**Study material:**
=======
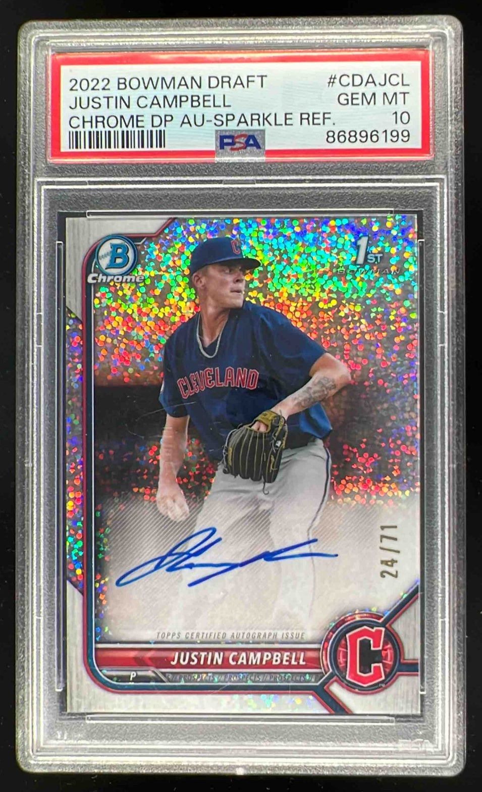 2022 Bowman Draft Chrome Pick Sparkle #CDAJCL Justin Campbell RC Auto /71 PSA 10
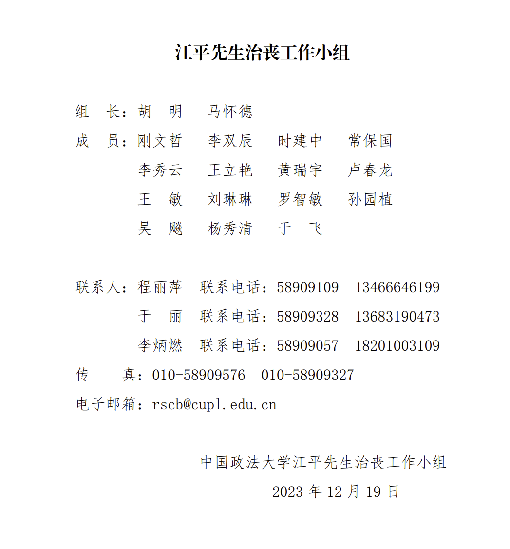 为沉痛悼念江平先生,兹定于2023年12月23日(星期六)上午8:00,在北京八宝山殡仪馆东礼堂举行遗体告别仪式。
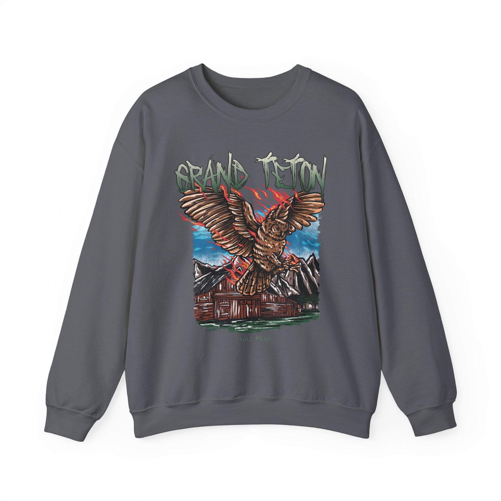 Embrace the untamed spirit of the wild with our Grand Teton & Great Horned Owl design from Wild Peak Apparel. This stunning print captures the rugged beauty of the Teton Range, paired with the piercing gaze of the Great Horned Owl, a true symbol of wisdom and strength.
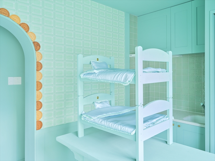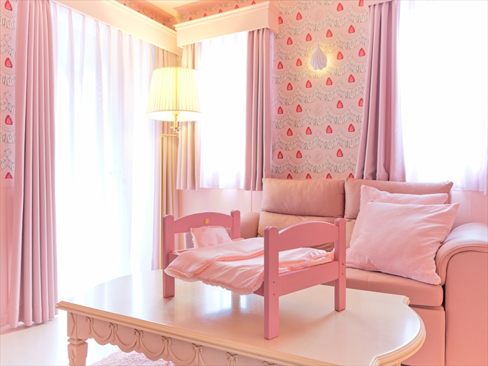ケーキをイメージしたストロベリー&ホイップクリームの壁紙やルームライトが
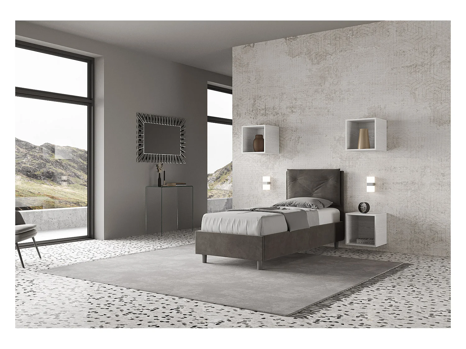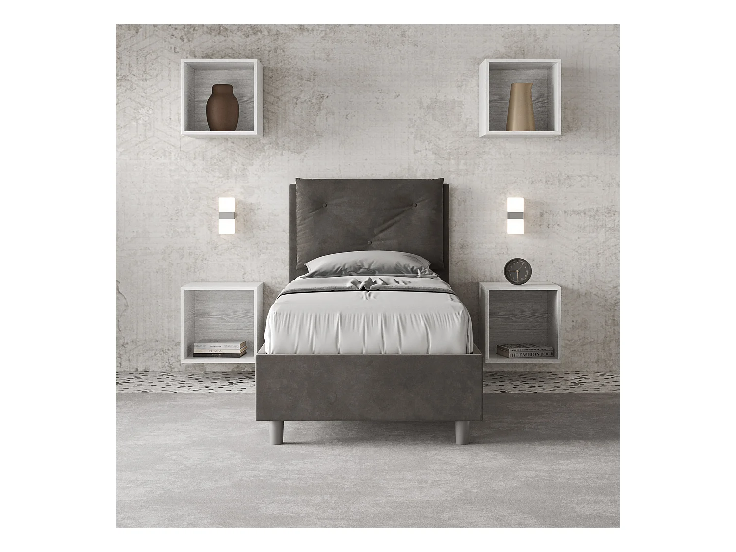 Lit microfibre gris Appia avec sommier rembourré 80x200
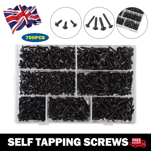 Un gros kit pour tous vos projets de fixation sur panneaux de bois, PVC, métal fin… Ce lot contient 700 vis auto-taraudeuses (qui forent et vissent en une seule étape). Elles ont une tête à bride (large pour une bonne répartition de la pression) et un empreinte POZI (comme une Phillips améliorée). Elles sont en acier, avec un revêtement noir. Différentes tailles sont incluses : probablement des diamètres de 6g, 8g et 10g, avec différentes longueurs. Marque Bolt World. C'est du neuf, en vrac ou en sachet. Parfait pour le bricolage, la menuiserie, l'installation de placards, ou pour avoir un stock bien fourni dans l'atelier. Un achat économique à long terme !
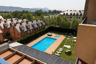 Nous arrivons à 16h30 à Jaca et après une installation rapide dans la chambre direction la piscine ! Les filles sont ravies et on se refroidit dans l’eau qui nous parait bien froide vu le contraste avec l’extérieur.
=======
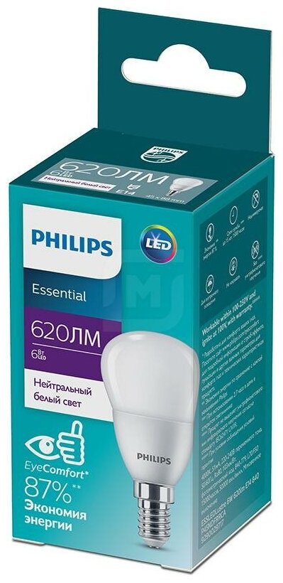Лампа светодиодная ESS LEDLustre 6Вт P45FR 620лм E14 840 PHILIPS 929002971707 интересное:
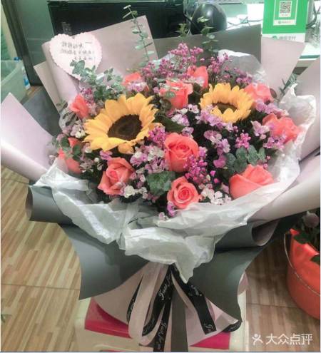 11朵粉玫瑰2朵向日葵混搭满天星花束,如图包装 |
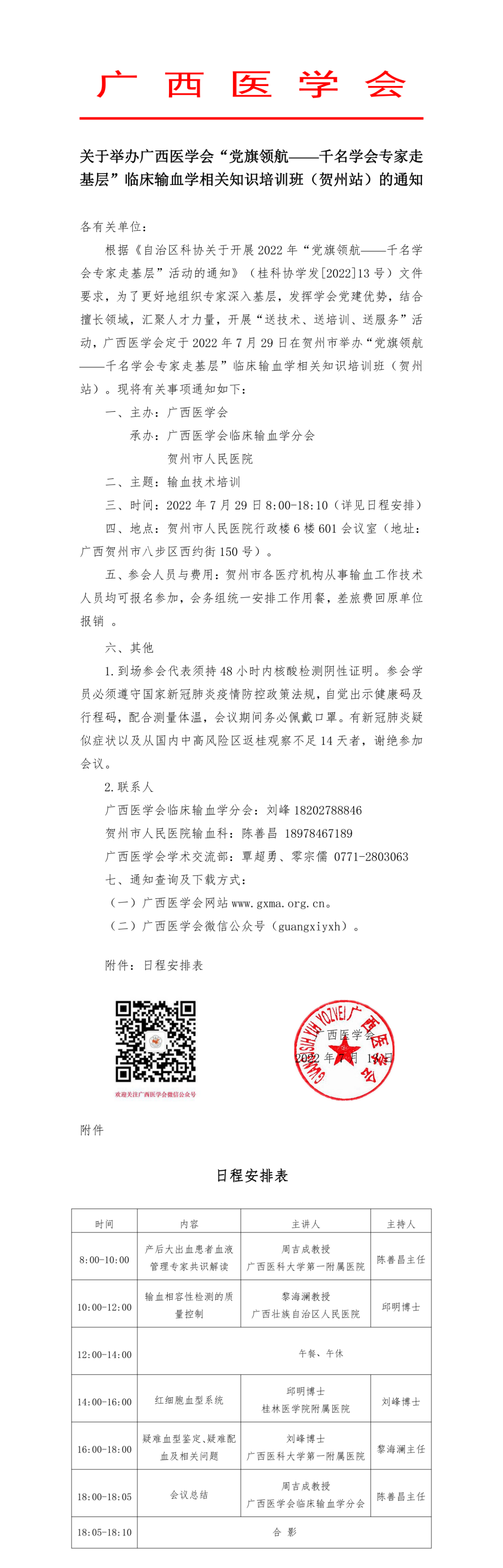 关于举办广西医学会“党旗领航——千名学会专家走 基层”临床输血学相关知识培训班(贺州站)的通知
=======
**Action item:** Start with the line above containing "Un gros kit" and end with the line containing "Nous arrivons à". Set down that stretch exactly, without any pictures.

**Answer below:**
 Un gros kit pour tous vos projets de fixation sur panneaux de bois, PVC, métal fin… Ce lot contient 700 vis auto-taraudeuses (qui forent et vissent en une seule étape). Elles ont une tête à bride (large pour une bonne répartition de la pression) et un empreinte POZI (comme une Phillips améliorée). Elles sont en acier, avec un revêtement noir. Différentes tailles sont incluses : probablement des diamètres de 6g, 8g et 10g, avec différentes longueurs. Marque Bolt World. C'est du neuf, en vrac ou en sachet. Parfait pour le bricolage, la menuiserie, l'installation de placards, ou pour avoir un stock bien fourni dans l'atelier. Un achat économique à long terme !
 Nous arrivons à 16h30 à Jaca et après une installation rapide dans la chambre direction la piscine ! Les filles sont ravies et on se refroidit dans l’eau qui nous parait bien froide vu le contraste avec l’extérieur.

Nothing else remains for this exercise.